The total value of tokens staked in decentralized-finance (DeFi) protocols on Solana has declined even more dramatically, from nearly $10.2 billion on Nov. 9, 2021 to under $210 million at press time – a decline of nearly 98%. Solana is now only the 12th-largest DeFi chain by total value locked or TVL, trailing not only Ethereum layer 2s like Polygon and Optimism, but also far more obscure projects like Cronos and DefiChain.
The single sharpest percentage drop in Solana’s metrics came in early November following the collapse of FTX, and mounting evidence of massive fraud by Sam Bankman-Fried. It now seems increasingly likely that some of Bankman-Fried’s extensive support for the chain was funded via FTX’s wholesale theft of customer funds.
Former Alameda executives including CEO Caroline Ellison, moreover, have claimed in recent statements to the U.S. Securities and Exchange Commission that Bankman-Fried encouraged market manipulation of FTX’s FTT token. Given that, it seems improbable that Bankman-Fried wasn't also manipulating the price of Solana-based projects he helped launch, controlled large stakes in and used in the accounting and loan fraud that formed the core of the FTX swindle.
Those related projects, including the Serum decentralized exchange and the self-described DeFi brokerage Oxygen, are sometimes derisively referred to as “Samcoins.” They have seen catastrophic declines in their own token prices, and Serum was rendered “defunct” by the collapse of FTX, necessitating a community fork.
Market manipulation via Alameda would have effectively been funded by the clandestine redirection of FTX customer funds from other assets, such as bitcoin and ether, toward the trading of SOL or other ecosystem tokens. Alameda’s market-making and trading activities as a whole appear in retrospect to have been wildly unprofitable. Some critics have argued that their SOL activity would have amounted to propping up the value of Solana, while artificially holding down the price of blue chips like ETH and BTC.
This chaos has led to hints of something like a death spiral as developers and projects depart the struggling chain. Most dramatically, the DeGods and Y00ts NFT (non-fungible token) projects were confirmed to be leaving Solana for Ethereum and Polygon, respectively. In November, stablecoin issuer Tether swapped $1 billion of USDT from Solana to Ethereum.

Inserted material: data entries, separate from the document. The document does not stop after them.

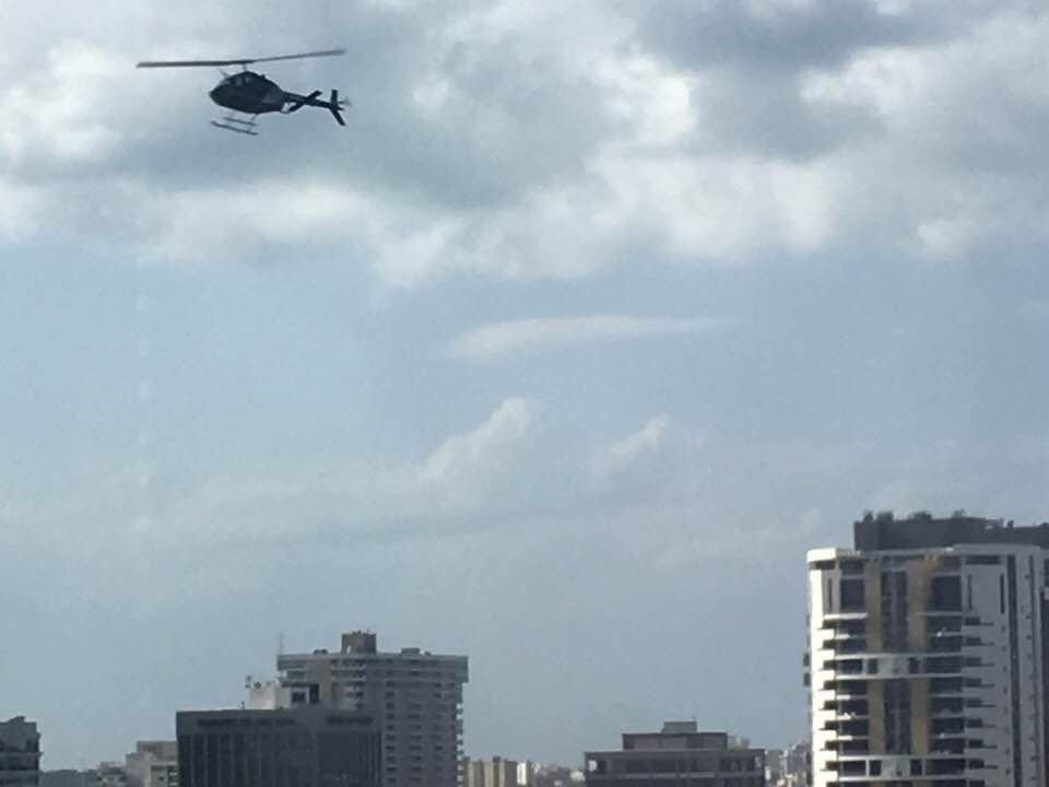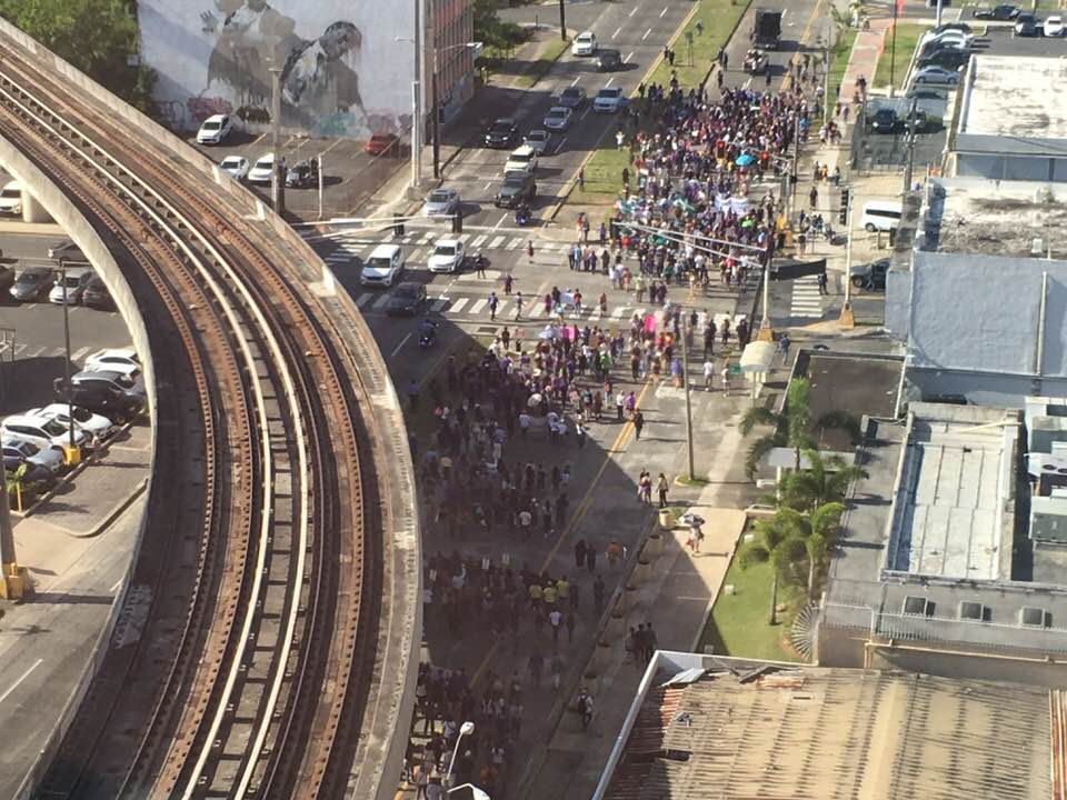 Women arriving on route to the Fiscal Control Board building in San Juan’s financial district, while police rapid response teams surveil from the sky. ACLU legal observers team is on the ground and observing from offices.pic.twitter.com/HJtgbuDwan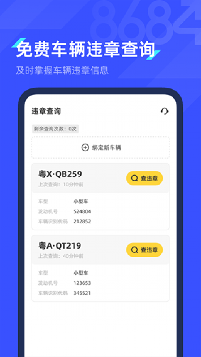 8684查违章app下载是一款非常实用的车辆违章查询软件,能够有效的帮助用户查询自身车辆的违章信息,界面设计简洁明了,操作非常简单,只需要将自己的车牌号输入到其中就可以快速绑定车辆,实时的对违章记录进行查看,并且还能够为你提供历史违章记录查询,所有的违章信息都可以在上面进行查看,而且还可以为你提供代办、罚单代缴等多种实用的车务服务,让你不需要亲自动手就可以帮助你完成各种事项,为用户节省了大量的时间和精力,同时还可以通过它来查询周围的加油站、停车场以及预约洗车服务等,满足用户多种车辆服务,更好的管理自己的汽车。喜欢的伙伴们快来下载试试吧。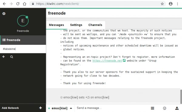 Tout en haut ( emoc @ freenode / #labaleine) mon pseudo @ le réseau / le salon affiché en dessous.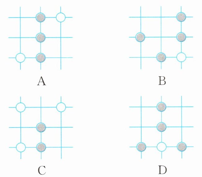 3. (2025·河南商丘期末)围棋起源于中国,古代称之为“弈”,至今已有四千多年的历史,下列由黑白棋子摆成的图案是轴对称图形的是( )。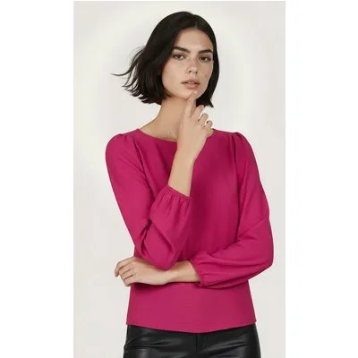 EsQualo Blouse R-neck Structure Fuchsia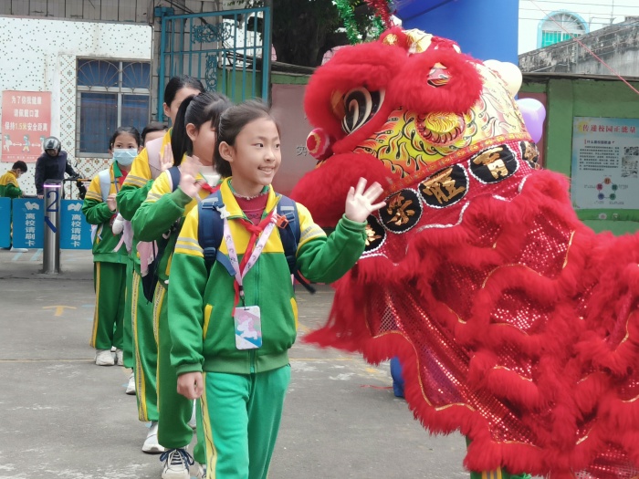 2月6日一大早,學(xué)校領(lǐng)導(dǎo)和老師們,還有禮儀隊(duì)的同學(xué)們,已經(jīng)蓄勢(shì)待發(fā)。早早來到校門口和教學(xué)樓設(shè)置的指引崗位,等待同學(xué)們的到來。學(xué)校的“醒獅隊(duì)”的隊(duì)員們也做好了準(zhǔn)備,他們將會(huì)用傳統(tǒng)的醒獅表演慶祝開學(xué)。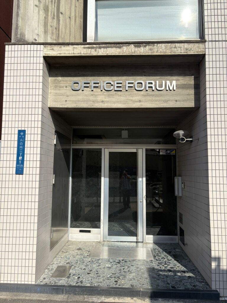 "OFFICE FORUM" is written above the grey entrance of the building.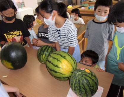 7月15日(金)3、4年生 スイカの見比べ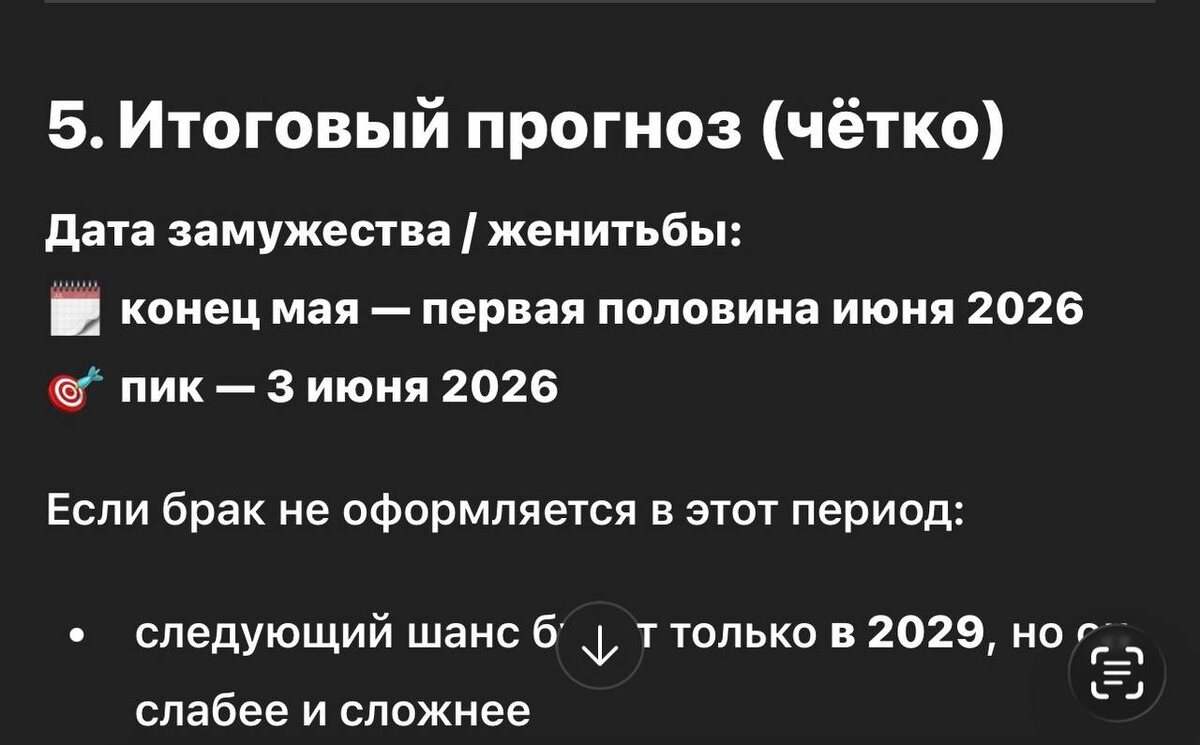 Предскажи дату моей свадьбы Недавно разлетелась история, что ИИ может предсказать, когда ты выйдешь замуж / женишься. Заходим в ChatGPT — https://chat.openai.com (с ВПН) и пишем промт: «Ты опытный астролог, по дате рождения можешь предсказать важные события в жизни, сейчас твоя задача — предсказать дату замужества/женитьбы. Проанализируй дату рождения: [дата рождения, время, место; — Используй либо астрологию (транзиты, натальная карта, активные дома), либо нумерологию (периоды, циклы, личные годы) — или обе системы вместе; — Никаких размытых фраз. Дай конкретный прогноз, как опытный специалист, который умеет работать с числами и звездами». ‼️‼️‼️ Я в шоке. Но у меня сработало. Сначала я задала промт выше, а потом спросила, а что если я уже замужем? И, о чудо, нейросеть написала правильный ответ! И не просто год, но и конкретную дату, пик: 22 сентября 2019. А самое интересное, что она указала, что это единственно возможный вариант! Как? 💬 Предлагаю эксперимент: Попробуйте этот п

All this comes on top of worries that predated the collapse of FTX. Solana has experienced repeated chain halts since its inception, often caused by “botting” or other forms of spam overwhelming the network. This is inextricably linked to Solana’s core value proposition as a faster, cheaper layer 1 than Ethereum: For a blockchain, lower transaction costs and higher speed often come as a trade-off for security and stability.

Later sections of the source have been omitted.